(Reuters) - MGM Resorts (NYSE:MGM) International beat market expectations for fourth-quarter on Tuesday, as its China business benefited from th removal of certain pandemic-related restrictions in gambling hub Macau.
Travel rebound in China and Macau has been a tailwind for casino operators such as MGM and Wynn Resorts (NASDAQ:WYNN).
"Premium positioning and offerings in Las Vegas enable us to capture incremental profit during major events such as the inaugural Formula 1 race and our first Super Bowl," CEO Bill Hornbuckle said in a statement.
Adjusted property EBITDAR for MGM China (OTC:MCHVY) was 18% higher in the quarter, over 2019 levels.

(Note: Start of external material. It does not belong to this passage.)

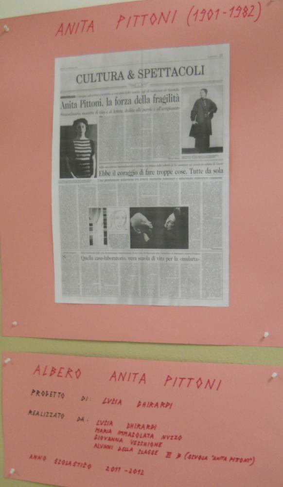 Ogni classe della scuola ha contribuito alla sua realizzazione ed io con i miei alunni e le mie colleghe di classe ho realizzato una installazione intitolata "L'Albero Anita Pittoni" che è incentrato sulle poesie prodotte da questa eclettica artista triestina, nata a Trieste nel 1901 e scomparsa nel 1982.

The Las Vegas-based company's quarterly regional operations revenue fell 12% to $873 million, due to a decrease in casino revenues that were partially attributable to effects of the union strike at MGM Grand Detroit.
Last year, after negotiations, MGM reached a five-year agreement with Las Vegas hospitality unions to increase wages for employees.
MGM's total revenue rose 22% to $4.38 billion in the quarter through December, compared with analysts' average estimate of $4.14 billion, according to LSEG data.
Its quarterly adjusted profit per share of $1.06 also came ahead of Wall Street expectations of 71 cents.
Shares of the company were down 3.6% in extended trading.